Страница 4 из 38
2. Теофан
Неожиданно, от слабости крови или от грязи, раны на моей спине загноились. Это мало что принесло мне новые боли, из-за которых приходилось лежать ничком, но вогнало меня в пущий жар. С дозволения отца Прохора, разумеется, хотя более по добросердечию своему, иногда на заре, а иногда после службы в келью ко мне приходил старик Теофан. Одолевая вечную свою одышку, мазал мне спину мазями из топленого заячьего сала и зверобоя в масле, выжатом из подсолнечного семени. Сокрушенный хворями, он лечил себя ведомыми и неведомыми травами и растениями, распознавая их по цвету и запаху, отыскивая по прогалинам и под камнем.

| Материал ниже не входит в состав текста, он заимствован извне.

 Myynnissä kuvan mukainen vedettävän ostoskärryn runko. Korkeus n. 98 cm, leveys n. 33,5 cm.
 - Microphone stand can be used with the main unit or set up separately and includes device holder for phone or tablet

Для него всякая травка имела свое имя – заячья лебеда, волчье яблоко, богородичное око, песий лук, бузина. Побарывал одну хворь, а на него наваливались две новые – только и на них находились травки. От болей своих он убегал в вымышленные миры с диковинными людьми и зверями, в утешительные сказания, возвышающие его – ему были зримы и доступны тайны, пред которыми другие немели.
Я ему поведал о Паре Босилковой и Лозане, рисуя соблазнительную картину доморощенного Содома, в котором мы с ним представляли кошмар божий и любострастие земное. Он, опечаленный, поднимался с треноги, крестился, скорбно опустив брови.
«Бред у тебя от хвори».
«…И тут мы подминаем их под себя, – дерзостно рассказывал я. – И вот мы уже не монахи. И пост нам ни к чему. После такого-то действа понадобится ли нам исповедь, брат Теофан?»

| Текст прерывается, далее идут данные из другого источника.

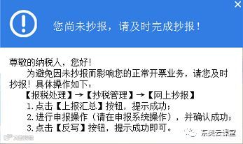 2、启动开票软件时增加“未抄报提醒”:每月15日之前(包括15日),启动开票软件,会自动监测征期抄报情况,若监测到征期未抄报,如下图提示用户进行抄报税。

Уходил, похрипывая. И снова возвращался на цыпочках, на шее серебряный крест.
«Травы людей лечат, плоть да кровь, – толковал он. – Но Дерево или плод подземный не освобождают от наростов и корок, ни овес, ни ячмень не спасают от головни. Травы одному человеку избавление приносят».
Его травы меня опьяняли. Засыпая, я слышал хриплое дыхание и гудящий наставляющий голос.
Иногда он приносил мне козье молоко в глиняной миске. Усаживался рядом, скрестив руки на округлом брюхе, глядел на меня, неровно дыша и подрагивая губами. Расплетал в полумраке что-то неясное, поддерживая во мне жизнь и бодрость. Потом от слабости или от терпкого духа трав, а может, и от птичьего пения я погружался в сон. Как долго спал, определить не мог. Пробуждался в горячке, где Теофан был частью моего неясного сна, но, открыв глаза, видел вокруг себя снадобья в плошках. И, окончательно выдираясь из сна, поджидал его.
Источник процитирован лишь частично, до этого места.